Cela devra-t-il venir des femmes ?!
Yamila Idrissi
Those bastards think because they posses the ‘Sacred Argument’ they can silence and oppress us. Our time has come! The time to be, to love, to hope. We will not let these fanatics tell us: “This is your last hour”. Ces mots tirés d’un monologue In the Eyes of Heaven de Rachid Benzine, l’un des principaux gardiens d’un Islam du 21e siècle, ont retenti deux jours après les attentats du 22 mars au Kaaitheater bruxellois. Ce ne fut pas une tâche facile : pour le théâtre – jouer la pièce ou non ? – et pour moi-même : les mots me manquaient déjà depuis deux jours, j’étais triste, en colère et angoissée. Mais les mots forts de Rachid Benzine, prononcés par l’actrice palestinienne, Hiam Abbas, ont mené à une catharsis purificatrice. Le désarroi a fait place à la consolation et la peur à l’espoir.
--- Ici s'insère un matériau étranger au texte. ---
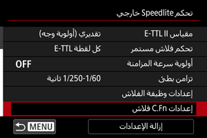 - حدد [إزالة إعدادات الفلاش] أو [إزالة كل Speedlite C.Fn].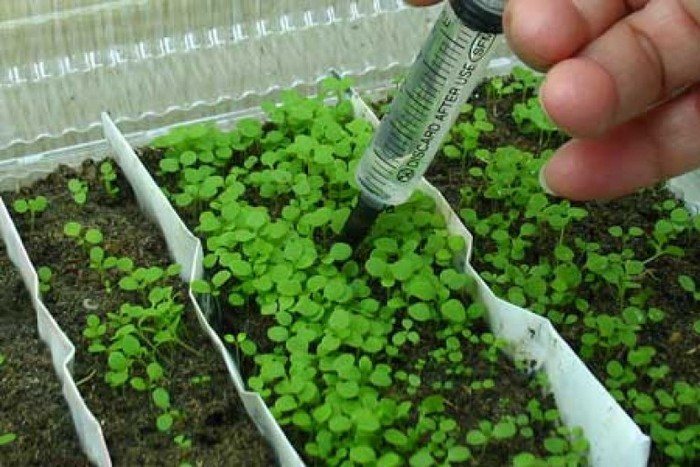 Наиболее удобно поливать растения с помощью медицинского шприца без иглы или пипетки. Когда сеянцы подрастут, можно использовать небольшую леечку с узким носиком. Важно, чтобы вода не попадала на стебли рассады во время полива. Для защиты сеянцев от «черной ножки» рекомендуется посыпать верхний слой почвы тонким слоем крупнозернистого песка.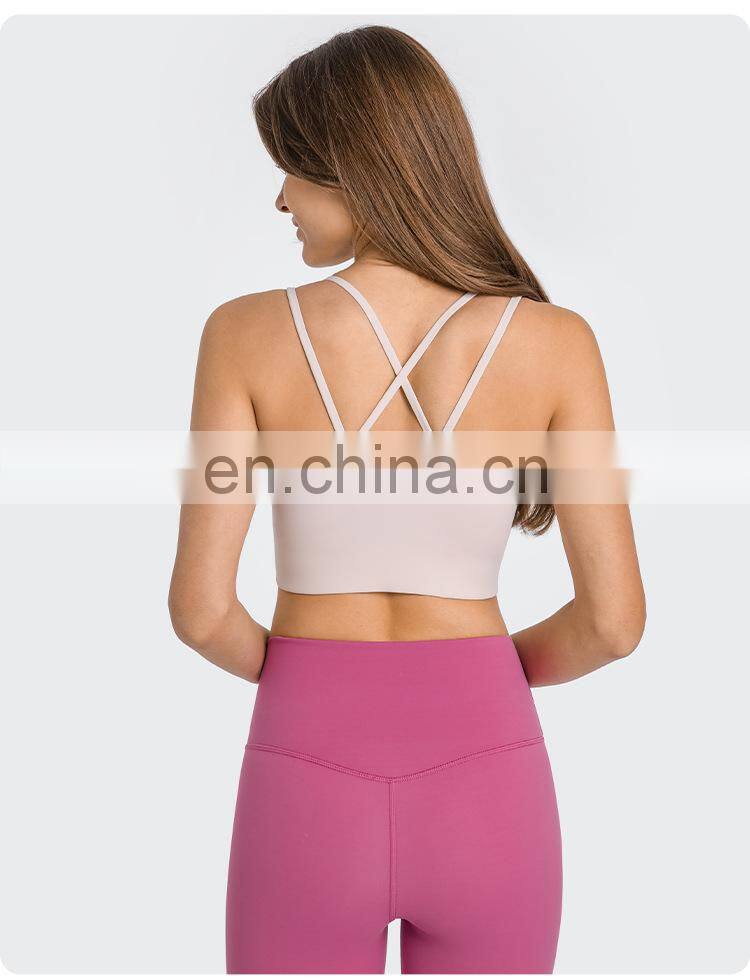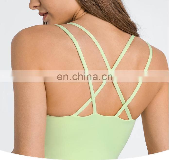 New Arrival Custom Logo Breathable Sexy Strap Yoga Crop Top Women Gym Sports Wear Bra Top Workout Fitness Nude Feeling Tank Top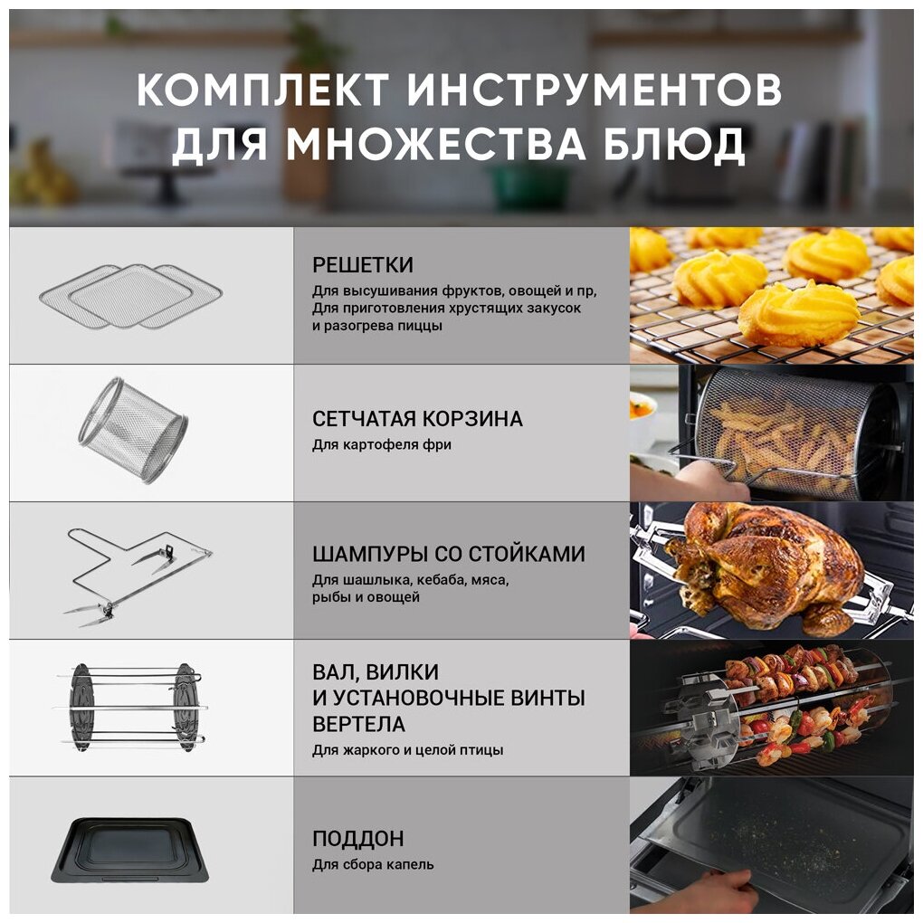 Много режимов, до 200 градусов жарит дисплей удобный нормальная комплектация . и корзина , вал , поддон - все это есть. фри жарить или курочку - супер)) бутики тоже. |

Ce jeudi soir-là, en mars, Hiam Abbass – la « Helen Mirren » du monde arabe – s’élança sur la scène du Kaaitheater dans une robe rouge foncé. Elle alluma une cigarette et parla de sa famille, de l’amour et des boutons de fièvre quotidiens des clients barbares qui vont et viennent. Contrairement à ma mère, j’ai mon propre endroit. Ma mère était une prostituée de l’armée. Ce n’est pas une expression, c’est littéralement ce qu’elle était. Pas de baraquements militaires sans bordels ! Elle a offert ses services à des générations de soldats afin de m’éduquer et de pouvoir me payer une formation. […] Encore dix ans avant que ma fille n’ait son diplôme. Rester forte pendant dix ans encore. Dix ans, cela semble une éternité.
C’est Nour qui parle, une prostituée de Tunisie lors du Printemps arabe, mais il peut également s’agir de l’Égypte. Nour signifie « lumière ». Dans le Coran, on fait la distinction entre la lumière du soleil (siraaj ou سراج) et la lumière de la lune (nour ou نور). De tout temps, la lune est à la fois le symbole de la féminité, de l’espoir et de la guérison mais aussi des catastrophes. Rachid Benzine n’a pas choisi son nom pour rien. Dans la pièce, la féminité de Nour était tant célébrée que vilipendée, c’était son salut et aussi son coup fatal.
Malgré que les gouverneurs dépravés, les hommes d’affaires, les chefs religieux et les journalistes occidentaux réalisaient leurs fantasmes lubriques sur elle, à aucun moment je n’ai vu une victime sur scène. Elle vous regardait confiante et dans toute sa grandeur, sans susciter une once de compassion. « Ce sont les femmes qui construisent la société », déclarait la sociologue de renommée mondiale, Fatima Mernissi, mon âme-sœur intellectuelle qui a exercé une réelle influence sur mon développement et celui de millions de jeunes musulmanes. « Vous savez pourquoi ? Nous n’avons pas le choix. Soit vous vous taisez et vous êtes humiliée, soit vous faites comme moi : vous criez ! » Et Nour était comme cela, elle ne se laissait pas faire, même au péril de sa propre vie.
Le dimanche 13 novembre, nous avons commémoré les attentats de Paris qui ont fait vaciller le monde occidental sur ses fondations. C’est précisément pour cela que j’irai voir une nouvelle fois la pièce In the Eyes of Heaven au Kaaitheater. La volonté de lutter avec laquelle nous n’avons pas voulu abandonner nos valeurs et nos villes dans les jours qui ont suivi les attentats, je la reconnais dans la résilience de la femme qui a défié, la tête haute, le Printemps arabe. Il y a un an, Hiam Abbass était accueillie par une ovation debout. Cette ovation se faisait l’écho de l’envie de dépasser ensemble le chagrin, d’exiger le retour de la dignité dans la ville. Nour signifie lumière, féminité, guérison et surtout : espoir. C’est ce dont nous avons besoin aujourd’hui dans le monde arabe. C’est ce dont nous avons besoin aujourd’hui à Bruxelles. Surtout en ces jours sombres.
Yamila Idrissi
In the Eyes of Heaven, écrite par Rachid Benzine, dirigée par Ruud Gielens et jouée par Hiam Abbass, sera jouée le 15 novembre au Kaaitheater bruxellois.